Tire models play a crucial role in racing simulations, dictating the interaction between the vehicle and the road surface. The Pacejka tire model, also known as the Magic Formula, is an empirical model developed by Dutch engineer Hans B. Pacejka. The model is based on fitting curves to experimental data and is renowned for its ability to accurately represent a wide variety of tire behaviors with a relatively simple equation. The Pacejka model takes into account factors such as load, slip angle, and camber angle, making it excellent for capturing the overall behavior of a tire under different conditions. However, one of its limitations is that it doesn’t provide a physical explanation for why the tire behaves as it does. Here is a very basic example of the Pacejka tire model:

F=D*sin[C*arctan([1-E]x+[E/B]arctan[Bx])]

In this equation, F is the force output, x is the slip ratio or slip angle, B is the stiffness factor, C is the shape factor, D is the peak value, and E is the curvature factor. The Pacejka tire model can be much more complex, taking into account factors such as temperature, wear, load sensitivity, and transient effects. These coefficients can vary based on a number of factors, including the type of tire, the load on the tire, and the inflation pressure. The Pacejka formula takes these coefficients, along with the slip ratio/angle as inputs, and then returns the calculated tire force. The limitations of the Pacejka tire model are revealed once the peak level of grip has been reached, which under high loads such as in oval racing or drifting can cause some serious issues due to inaccurate tire behavior.

Around 2010, developers began transitioning to physically based models like the Brush tire model. This model, which forms the basis of Assetto Corsa’s tire simulation physics, describes tire behavior based on the mechanics of the tire’s interaction with the road. It represents the tire’s contact patch with the road surface as a series of flexible bristles or brushes, which bend and generate forces as the tire rolls or slides over the road.
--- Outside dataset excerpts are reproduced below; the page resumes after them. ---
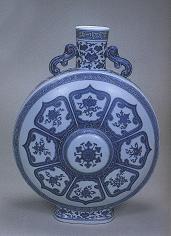 因瓶腹当中有凸出的圆月而得名。瓶高49.5cm,瓶腹遍体宽莲瓣纹,开光内分别绘有佛教常用象征吉祥的八件器物(或称佛八宝):轮、伞、盖、花、螺、鱼、肠、罐,间以回纹、缠枝灵芝为衬托,并用青花特意在瓶纹饰上点染一些深浅不同的细点,以仿明代宣德青花浓重、晕散的效果。瓶底中书“大清乾隆年制”青花篆书款。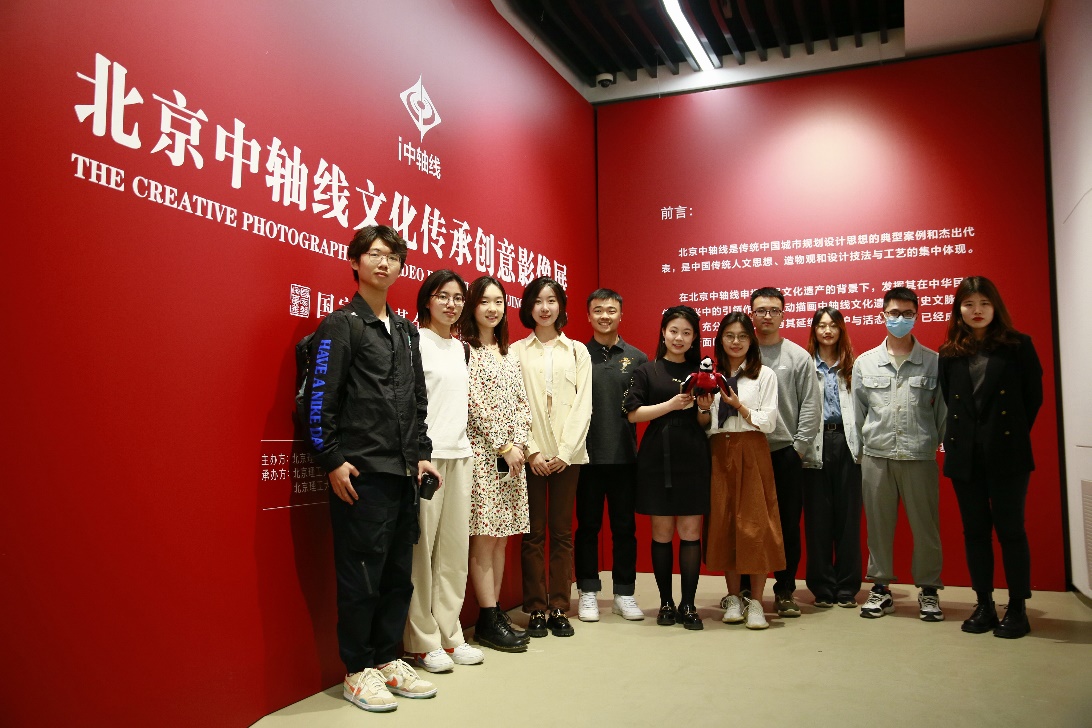 (图为《跨越中轴线》项目组部分成员于“北京中轴线文化传承创意影像展”实地调研,左二至左六依次为:袁紫云、肖政谕、王颖、曹涵、黄徐洋)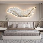 120Cm Large White Feather Led Tri-color wall light

The Brush tire model operates on a set of core assumptions to simulate the interaction between the tire and the road surface. Firstly, it assumes that the normal load has a parabolic distribution along the contact patch, with the load tapering to zero at the edges. Secondly, the friction between the bristles, representing the tire rubber, and the ground is described by the simple Coulomb model: Fx,y = µFz if Fx,y > µFz. This model states that the force (Fx,y) is equal to the friction coefficient (µ) times the vertical load (Fz) if Fx,y exceeds µFz. Here, Fx and Fy represent the longitudinal and lateral forces generated by the stretching of the bristle. This assumption allows the contact patch to be divided into an adhesive region, where the bristles stick to the road, and a sliding region, where they slip. The third assumption is that the tire carcass is considered infinitely stiff, meaning it doesn’t deform under load. Lastly, each bristle is assumed to deform independently in the longitudinal and lateral directions, allowing for a detailed simulation of the tire’s response to different forces and conditions.

The Brush tire model provides a more intuitive understanding of tire behavior because it’s based on physical principles. However, it’s also more complex and computationally intensive than the Pacejka model. The Brush model needs to consider the distribution of pressure over the contact patch, the bending and deformation of the bristles, and the transient effects as the tire’s state changes.

With the advancement of game engines and home computers, the transition from the empirical, curve-fitting approach of the Pacejka tire model to the more physically-based, mechanistic approach of the Brush tire model was a logical progression for developers. This shift from Pacejka to Brush not only allowed for a more detailed and intuitive understanding of tire behavior but also enabled the more realistic and immersive driving simulation experiences we get to enjoy today.